SoftLord: did i say anything?

chrrybmbnyc: no

SoftLord: right. 🙂

SoftLord: i hope steve leaves soon too.

chrrybmbnyc: yeah

SoftLord: and then everyone i’m relatively fond of
will be gone


chrrybmbnyc: won’t that be grand

SoftLord: and it’ll just be adam running the whole
thing


chrrybmbnyc: I’m going to merge the pseudo assets with
another company. been working on it for a while. Now
everyone is out of my way. yippe

SoftLord: that url has so many visitors and so little
content of use to anyone


chrrybmbnyc: yeah. but they make $

chrrybmbnyc: we’re going to start creating new content.
Relauch streetsound, globalhouse etc


SoftLord: thougt you were leaving

SoftLord: and the brand you were taking was
cherrybomb


chrrybmbnyc: yes. but I have to set pseudo up so we’re
making $ off the investment


SoftLord: whats your percentage?

chrrybmbnyc: 50%

chrrybmbnyc: and all the IP assets

SoftLord: aj

SoftLord: ah

chrrybmbnyc: the ball is in my court

chrrybmbnyc: or should I say "balls"

SoftLord: you didn’t have balls last i checked

chrrybmbnyc: but I have the biggest balls of them all

SoftLord: so technically you could package it all up
and sell the other 50% to competent people with a
passion for it who aren’t nutjobs and have business
sense, make them prominently feature cherrybomb,
and totally ignore it and let the money roll in

chrrybmbnyc: you got it. like an IQ test

SoftLord: i just…not that its any of my business or
my call or anything… but it didn’t seem like you
were at all happy or satisfied doing the day-to-day
of running an internet company…and honestly you
weren’t that good at it (the internet side of it)…so
i wouldn’t want you to go back to it.


chrrybmbnyc: not good at it???

SoftLord: good at partnerships and making
deals…but that site is really bad… the design is
awful and not useful, you dont have any room for
standard banners on the front page, 75% of your
content links were broken at any one time

chrrybmbnyc: fake it till you make it

SoftLord: *Shrug*

SoftLord: hence, not so good at the internet side.

SoftLord: when people hit broken links too often
they get pissed off and they dont come back.

chrrybmbnyc: internet is expensive. need the
partnerships etc. before you can spend $ on content etc.

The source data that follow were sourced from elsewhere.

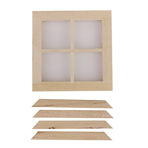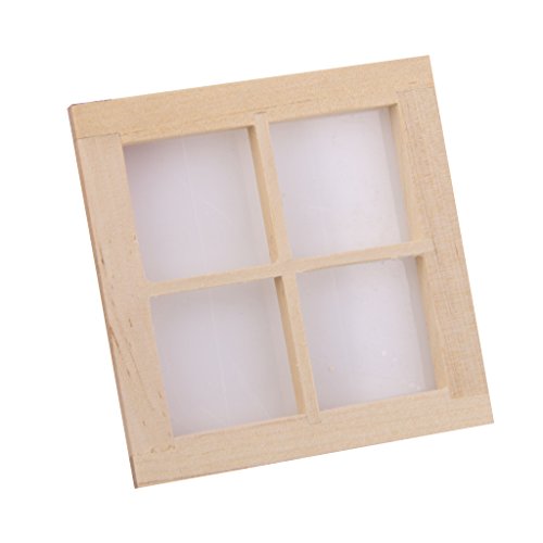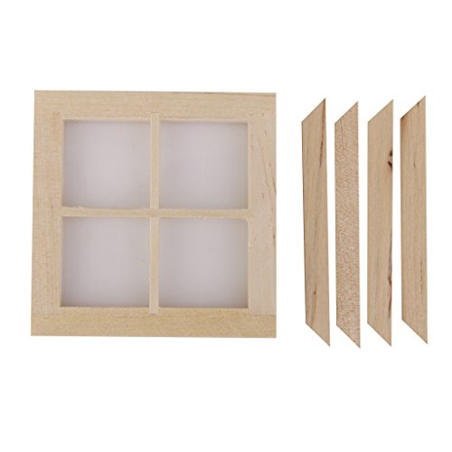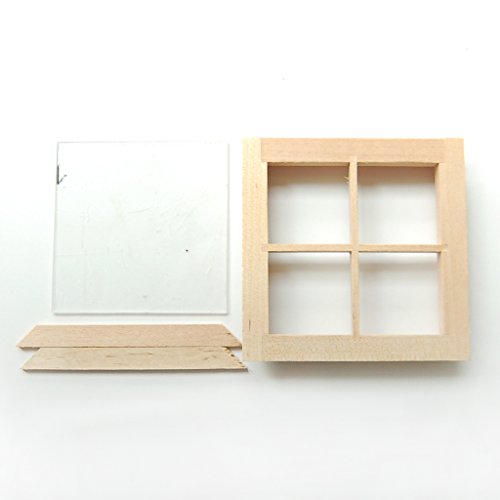 -. Title : Dollhouse Miniature Wooden 4 Pane Window DIY Accessory
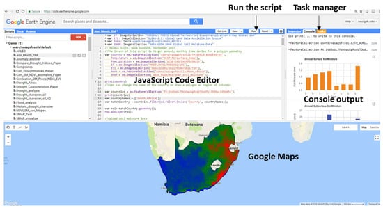 Developed tools are accessible through the links provided in the supplementary materials, though potential users are required to register to access (https://code.earthengine.google.com/). Once the link is clicked, the user is presented with the Google Earth Engine code editor, which is a web-based integrated development environment for the Earth Engine JavaScript Application Programming Interface (Figure 5). Then, the user can execute the program by clicking the ‘run’ button located above the JavaScript code editor panel, if it does not start automatically. Once this has been done, time series plots and a spatial map are displayed in the console tab and Google Maps respectively. The GEE outputs results can be exported by clicking on the run button in the tasks tab located in the right panel next to the code editor.
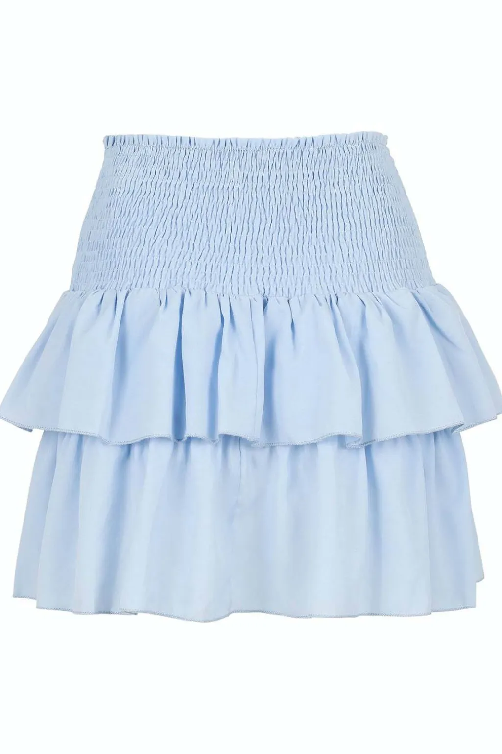 Lyseblå nederdel fra Neo Noir med rynket elastisk talje og dobbelte flæser. Den er fremstillet af genanvendt polyester og har en høj talje med lårlang pasform.
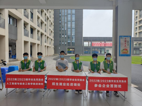 双选会现场,志愿者们积极配合党员教师、会场相关工作人员一起维护秩序、做好引导,帮助企业布置展位、分发资料等,为双选会的有序进行发挥了极大的作用,得到了企业和广大师生的肯定。在双选会圆满结束后,志愿者们自发参与会场整理和卫生清扫工作。
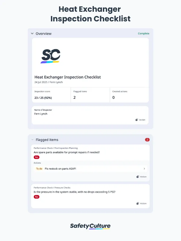 Heat Exchanger Inspection Checklist Sample Report | SafetyCulture
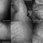- Strie di microusura in 3 denti di Palaeoloxodon falconeri – sopra – e 3 di Palaeoloxodon mnaidriensis – sotto –
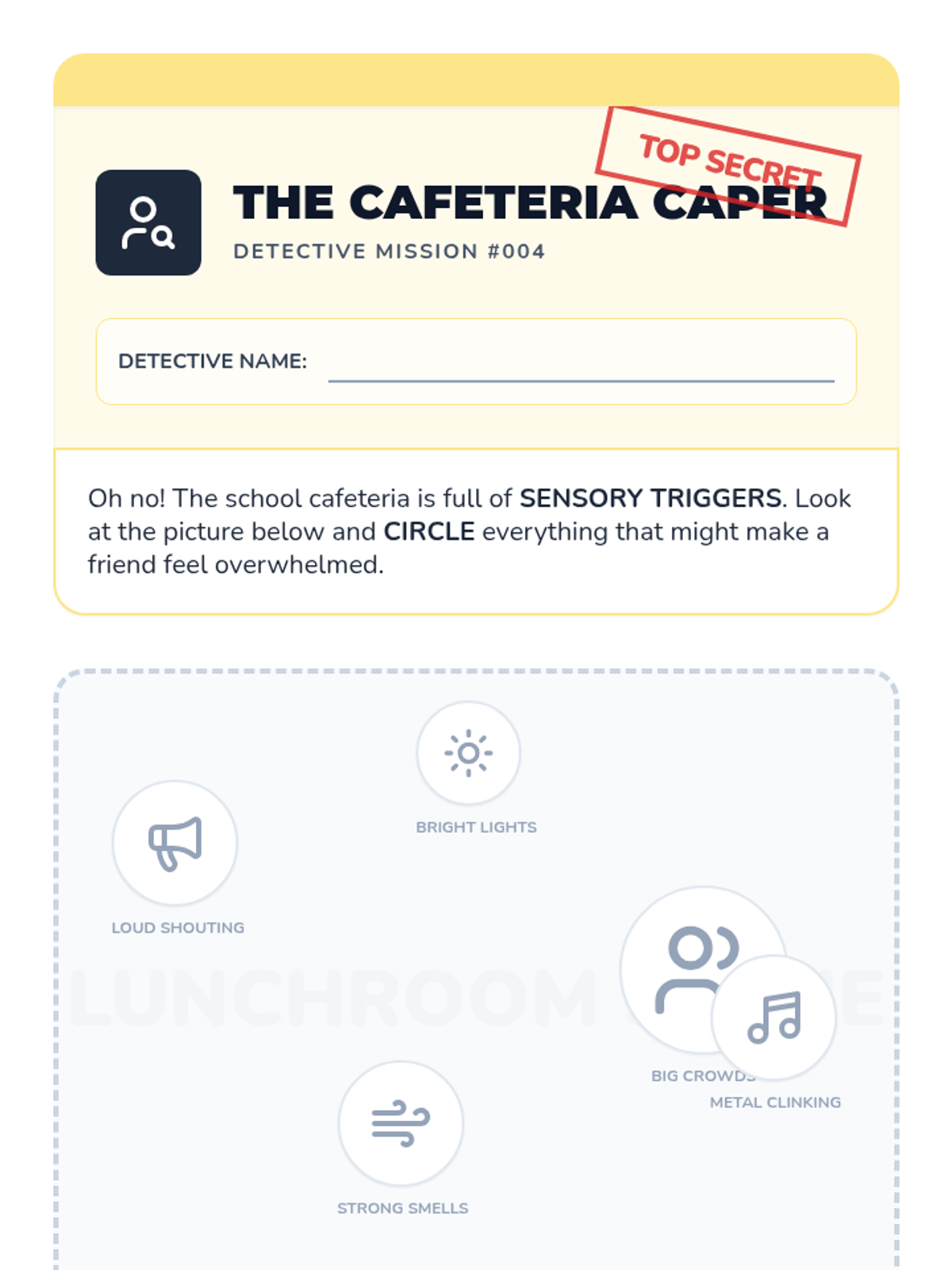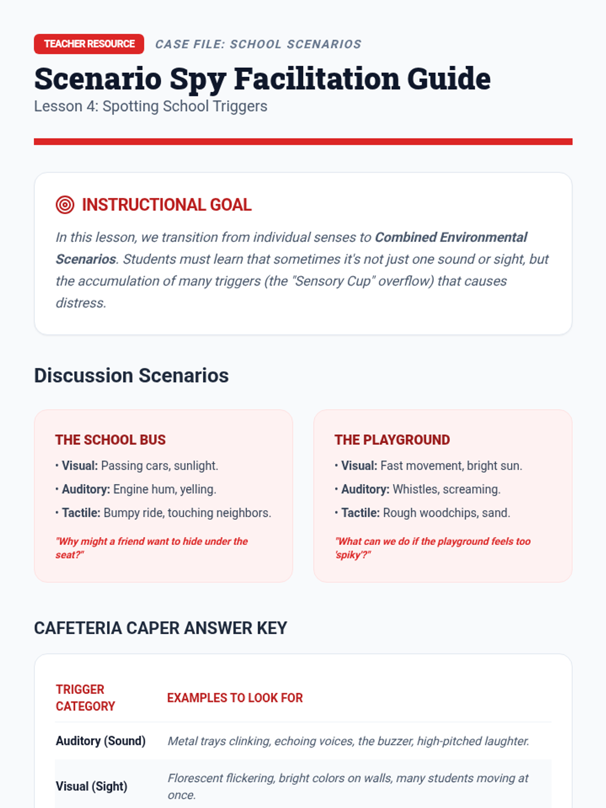 Students analyze school scenarios to spot combined sensory triggers in settings like the cafeteria or school bus.
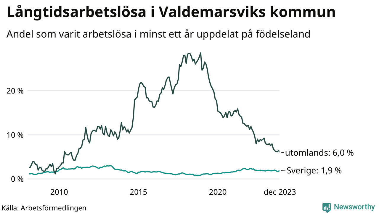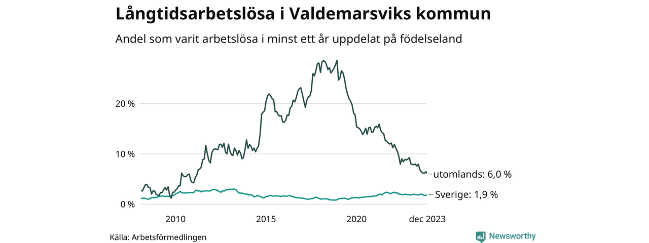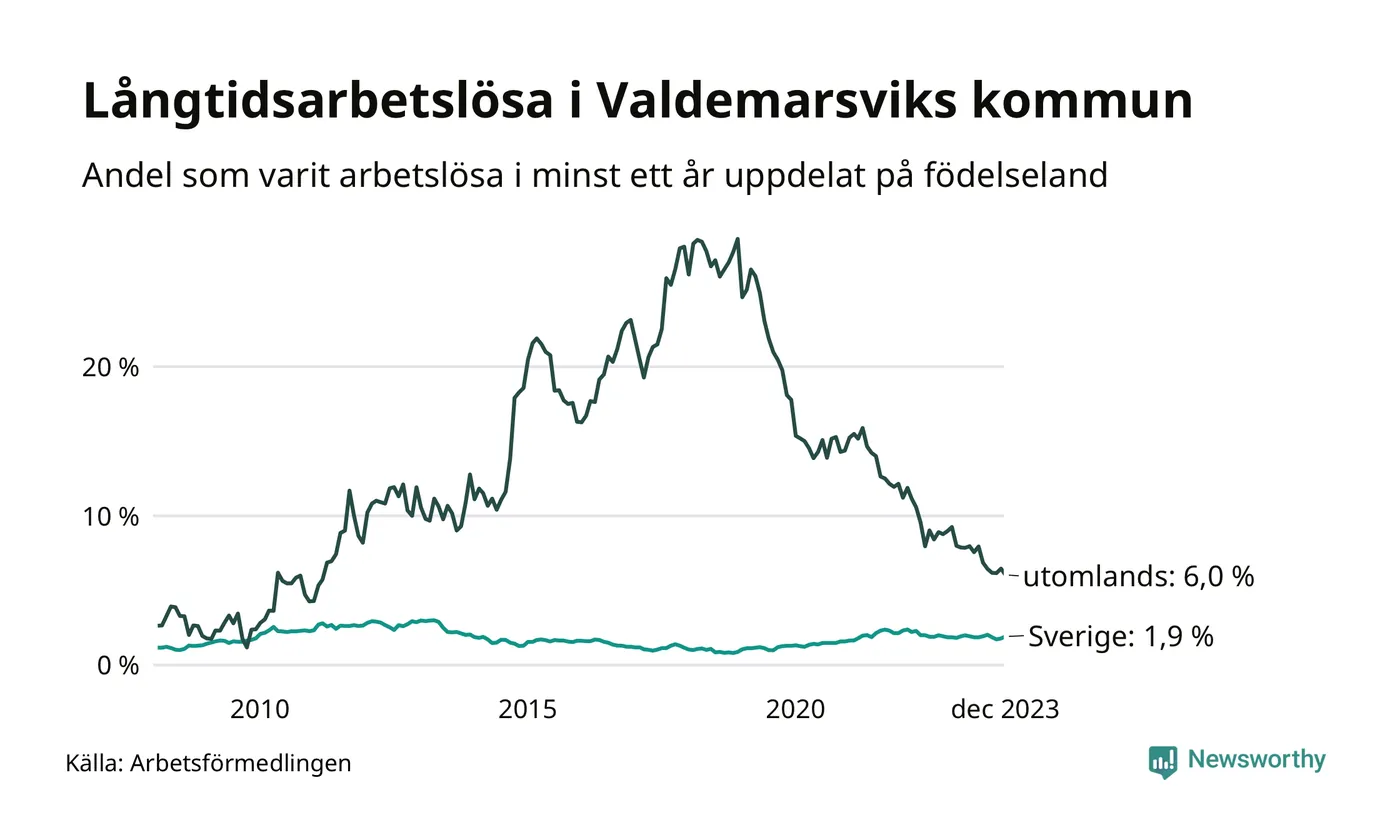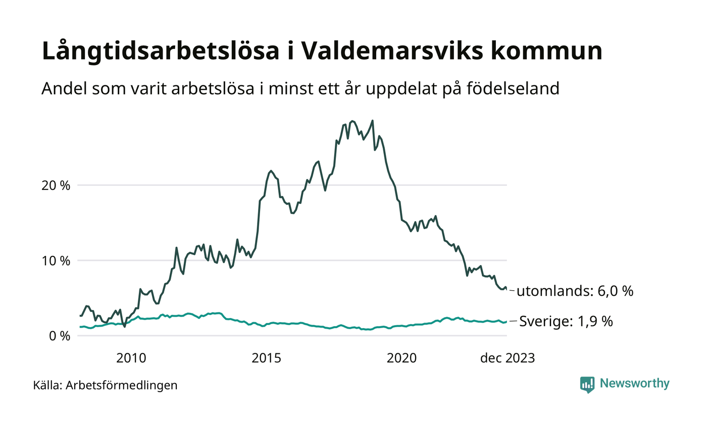 56 av de långtidsarbetslösa i Valdemarsvik är födda i Sverige, medan 25 är födda utomlands. Det innebär att långtidsarbetslösheten bland Sverigefödda är 1,9 procent, medan den är tre gånger så hög – 6,0 procent – bland födda utomlands. Även i riket som helhet är arbetslösheten högre bland utrikesfödda.
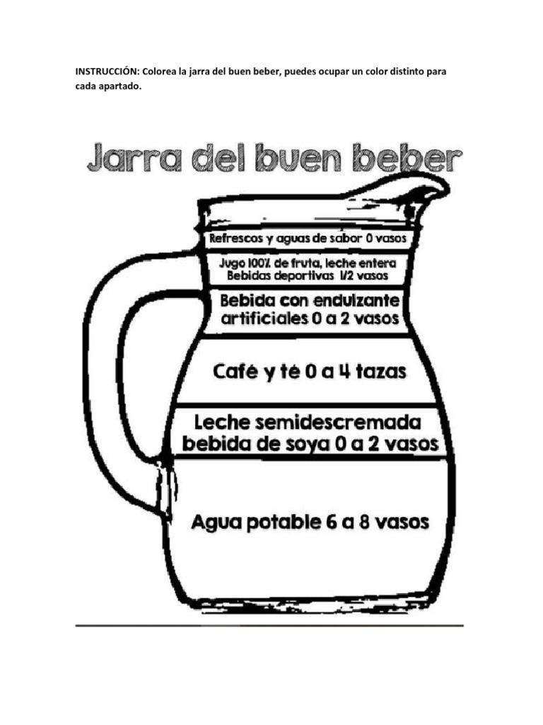 La Jarra del buen beber para colorear on - 355 p. La jarra para bien beber intenta prevenir el consumo de bebidas con exceso de azúcar y dañinas para la salud. Videos sobre la buena alimentación Representación física del plato del buen comer Representación física de la jarra del buen beber Alimentos y líquidos por separado para que los niños pasen a pegarlos Una ruleta 45 minutos Secuencia didáctica Inicio Para iniciar con las actividades se les explicará a los alumnos qué es el plato del buen comer y la jarra del.

chrrybmbnyc: talk to adam. that’s his thing

SoftLord: i dont care, really…i’m just saying

chrrybmbnyc: uh huh

SoftLord: and i have spoken to adam about my
suggested redesign, weeks ago


chrrybmbnyc: good boy

SoftLord: mostly because he’s been workin with us
@sony a bunch lately and i want it to be worth our
time


SoftLord: watch it.

chrrybmbnyc: bark for me

SoftLord: it takes me two clicks to put you on block
list for good, and i dont have to answer my phone.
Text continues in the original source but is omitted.